La Regulación de los Retrotransposones

Debido a su naturaleza diversa, regular los retrotransposones es bastante complejo. Las células han desarrollado diferentes maneras de manejar estos elementos, usando varias proteínas para controlar su comportamiento. Un ejemplo bien estudiado es la forma en que las células suprimen ciertos tipos de retrotransposones conocidos como retrovirus endógenos (ERVs). Este proceso involucra proteínas específicas que reconocen ciertas regiones de los retrovirus y traen otros factores que silencian su actividad.

Jugadores Clave en la Regulación de Retrotransposones

Un grupo importante de proteínas involucradas en esta regulación se llama familia KRAB-ZFP. Estas proteínas pueden unirse a regiones específicas de los ERVs, evitando que estén activos. Una vez unidas, reclutan otras proteínas que ayudan a cambiar la estructura del ADN, haciéndolo menos accesible para la transcripción, que es el primer paso en la expresión génica.

Varios mecanismos adicionales ayudan en este proceso de silenciamiento, incluyendo la adición de marcas químicas a las histonas, que son proteínas alrededor de las cuales el ADN está enrollado. Por ejemplo, una marca llamada H3K9me3 se suele agregar, lo que ayuda a compactar el ADN y hace que sea más difícil para la maquinaria de transcripción acceder a él.
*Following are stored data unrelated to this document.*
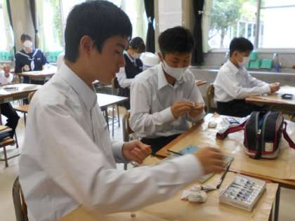 下の写真は、2年2組の美術の授業の様子です。
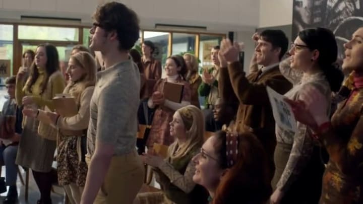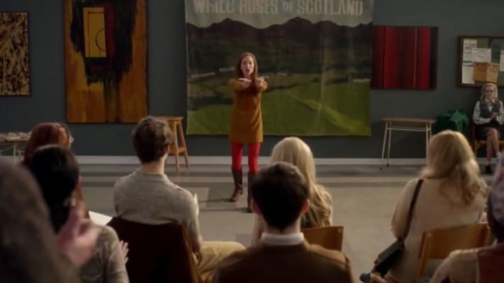 Did you spot me "hamming" it up as that slightly (I say slightly) geeky student with that Beatles-esque hairdo. Firstly I want to say I haven't had such a bad hair style since my own days in high school and secondly brown is not my best color. The wardrobe Dept did a great job at capturing the feel of 1960s Scotland, I wanted some of those groovy looking spectacles that a few extras got to wear. Luckily I had my contact lenses in for the 2 days we shot as my modern day glasses would never have passed for the 1960s period.
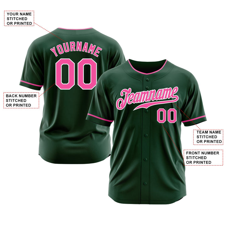 Custom Green Pink-White Classic Style Authentic Sports Baseball Jersey
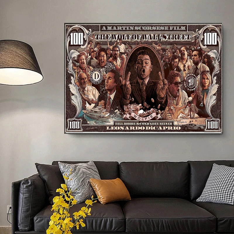 Картина на холсте волк на Уолл-стрит Леонардо Ди Каприо денежный по...
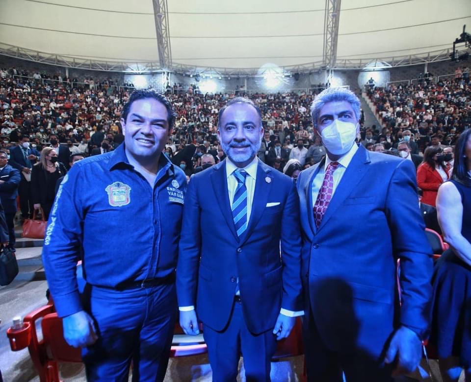 Por la derecha: El presidente Municipal de Metepec, Fernando Flores Fernández, presentó su informe de 100 Días de Gobierno, respaldado por Ernesto Nemer Alvarez, el secretario General de Gobierno y Enrique Vargas del Villar, el coordinador nacional de diputados locales del Partido Acción Nacional (PAN).
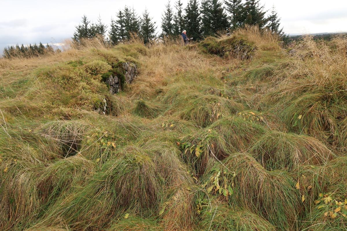 Efst á bergás Reiðhól, aðeins A - megin í toppnum.
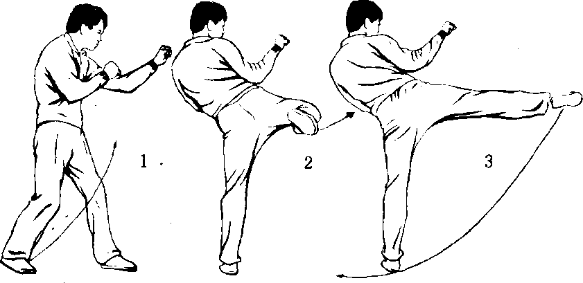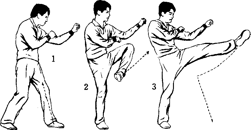 左格斗式(图70T)上体左转90" 身体重心稍后 移,右腿屈膝抬平,膝内转,膝尖向左,脚尖绷直(图 70-2),上肢姿势不变,随即右脚由右向左前方弹击,同时 呼气发力,力达脚背,眼视攻击方向(图70-3)。随后右脚 向前落步可成右摆势格斗式;也可向右转体向后落步还原成 左格斗式。
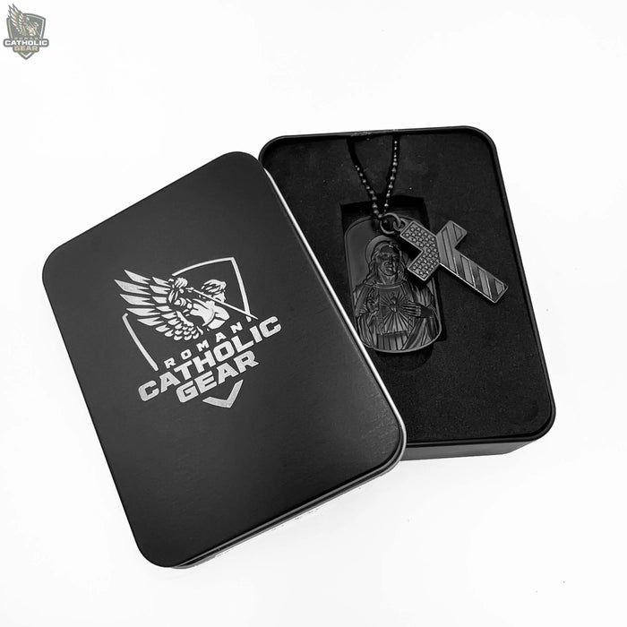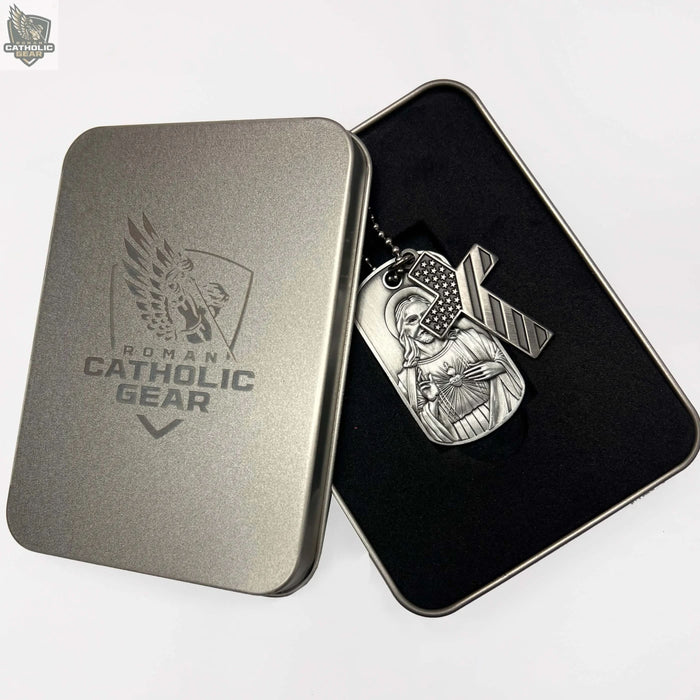 Wear this “Catholic Dog Tag” proudly to identify your devotion to the Sacred Heart and strong commitment to bring love and peace to our great nation. This dog tag is a beautifully crafted 2-sided scapular that includes detailed, 3D images of both the Sacred Heart of Jesus and the Virgin Mary. It is layered with an American Flag Cross that can be worn on either side of the dog tag or removed and worn by itself. The customary ball chain is 30” in length and can be cut to any size. The dog tag and cross come packaged in a versatile, reusable, rectangular tin with removable padding to store your dog tag and cross. Great for travel.
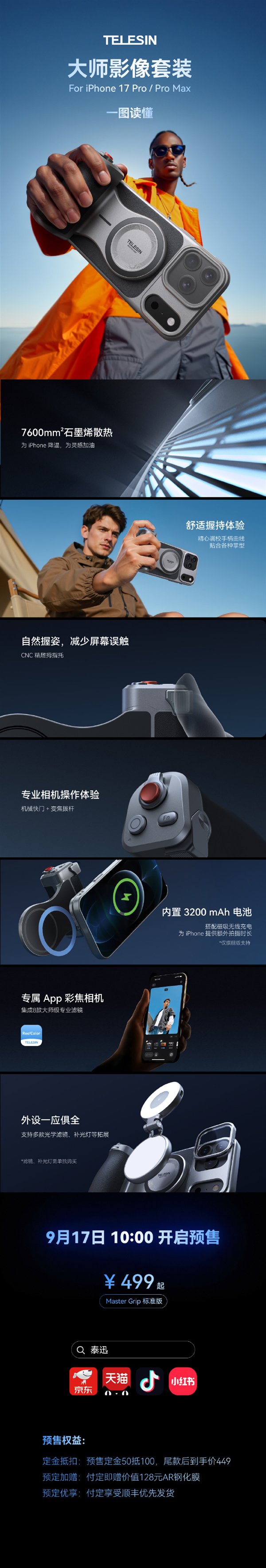 快科技9月17日消息,今日,国产配件厂商泰迅数码正式发布为iPhone 17 Pro系列打造的大师影像套装,官方宣称“让iPhone从手机到相机”。
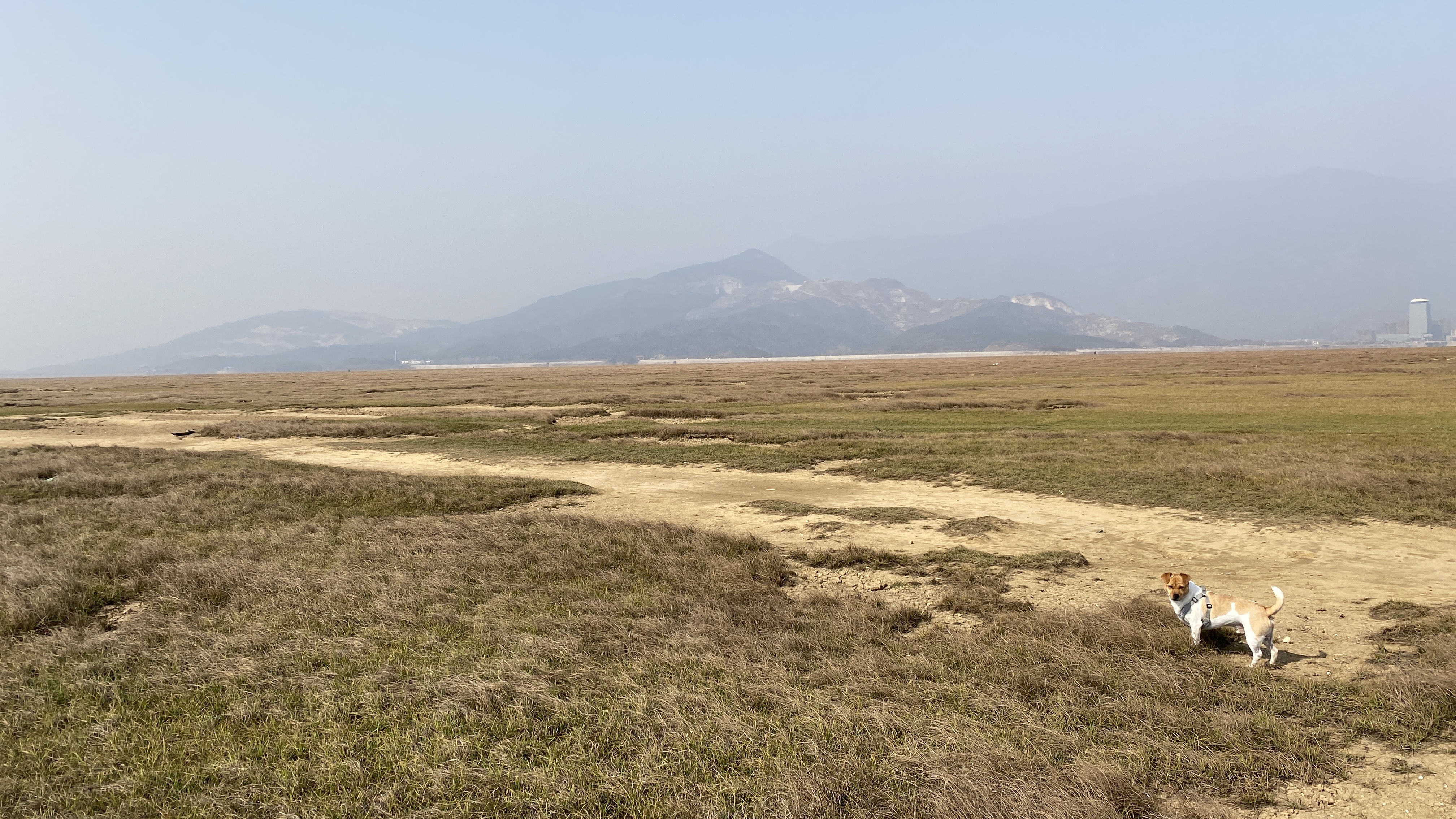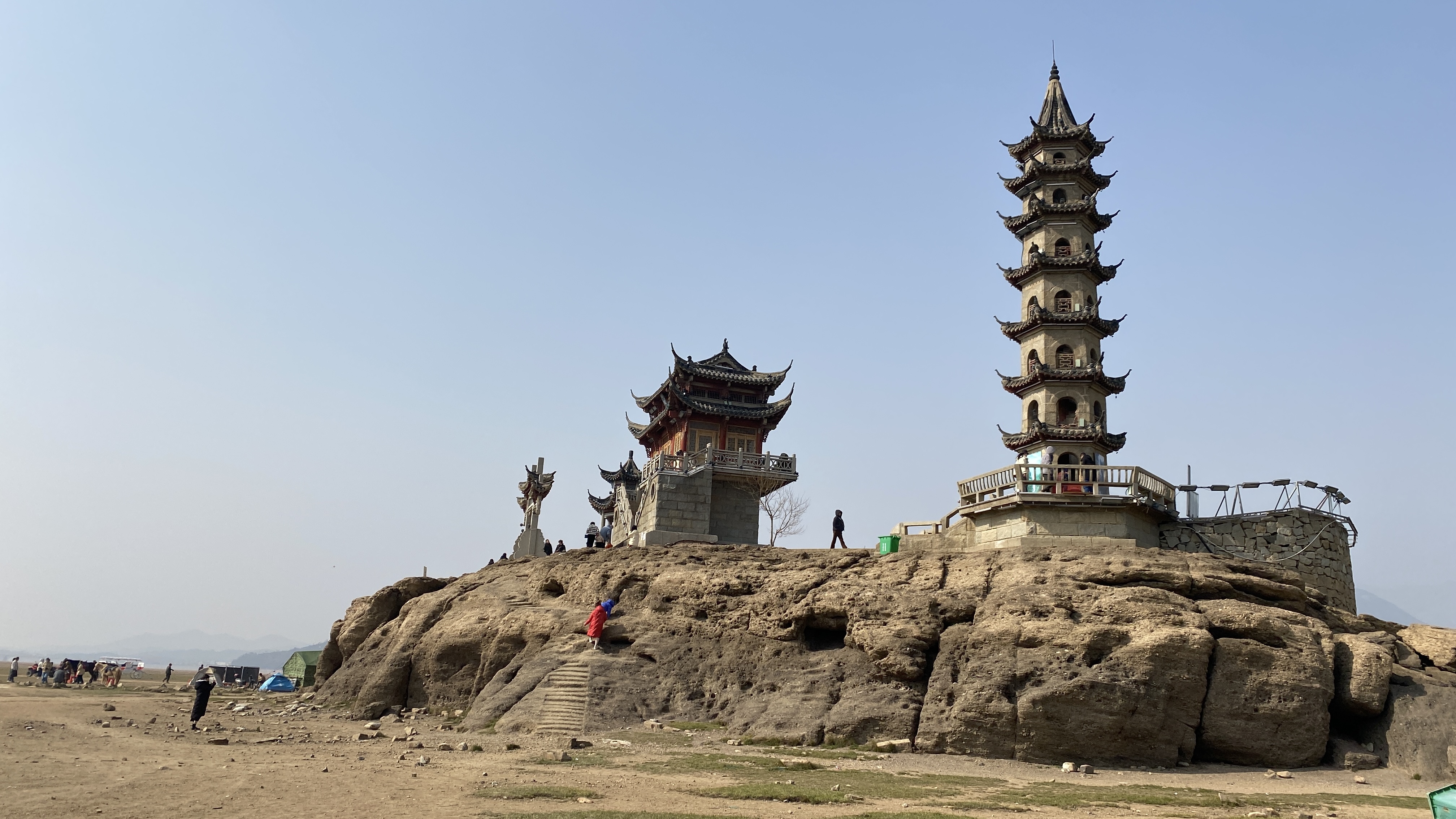 둑에서 내려와 호수 바닥을 걸어가 보았다. 저 멀리 루오씽둔이 보인다.
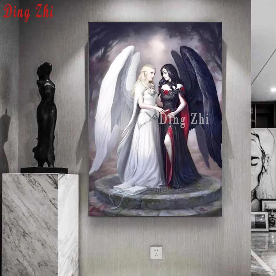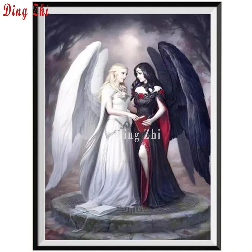 DIY 5D алмазная картина полностью квадратная/круглая черно-белая Ангел вышивка крестиком ручная работа 5d Вышивка стразы украшение
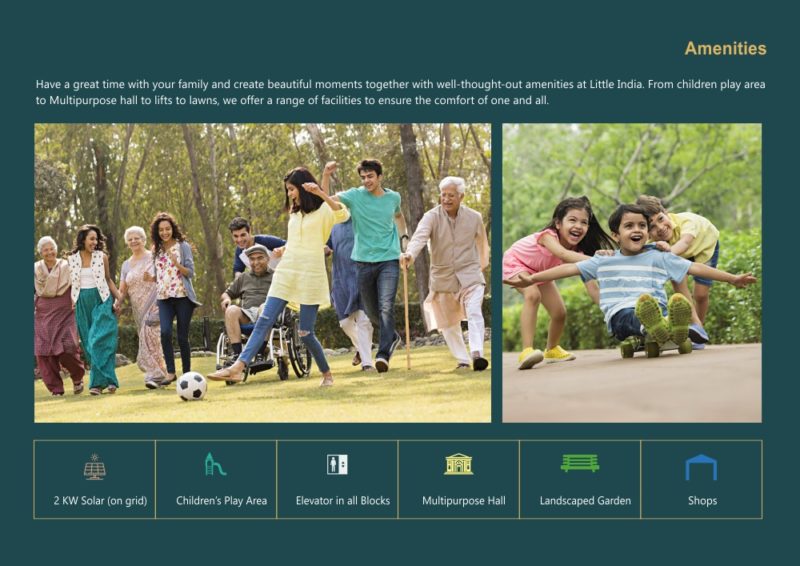 Little India by PKR Estates has been specially conceptualised to celebrate community living while enabling people to connect with the environment through sports, games, community bonding and recreational facilities. With more than 300+ neighbours residing within the premises, you will never get the feeling of being new at your own home. Here your kids will find many friends to play and grow up with, while you’ll get the chance to build new relationships and a network of close friends and families.
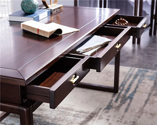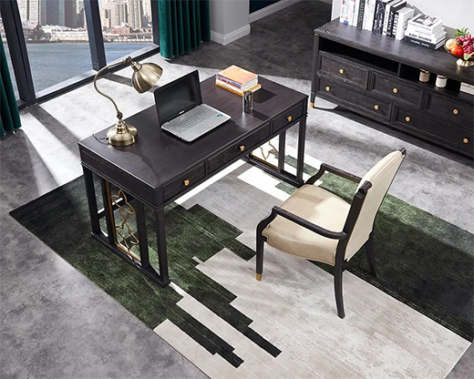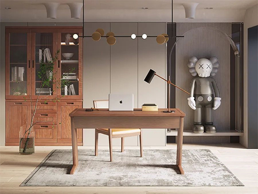 同時(shí)書桌的顏色深淺要注意,可參考書房的硬裝顏色來搭配。若硬裝是淺色系,那么書桌可選擇深色,以加強(qiáng)空間里的層次美感。

Otros complejos de proteínas, como el complejo HUSH, también contribuyen a esta regulación, y varios remodeladores de cromatina juegan un papel en mantener el estado represor de estos retrotransposones.

Entendiendo SINEs y LINEs

Además de los ERVs, hay otras clases de retrotransposones, incluyendo elementos nucleares intercalados cortos (SINEs) y elementos nucleares intercalados largos (LINEs). Los SINEs a menudo derivan de moléculas de ARN pequeñas y se entienden menos en comparación con los LINEs. Mientras que los LINEs pueden replicarse de manera independiente, los SINEs dependen de las proteínas LINE para moverse.

Las investigaciones han mostrado que ciertos complejos juegan un papel en la regulación de los SINEs también. Por ejemplo, un complejo de proteínas recién descubierto llamado ChAHP está involucrado en este proceso. Contiene proteínas que trabajan juntas de manera estable para regular varios retrotransposones.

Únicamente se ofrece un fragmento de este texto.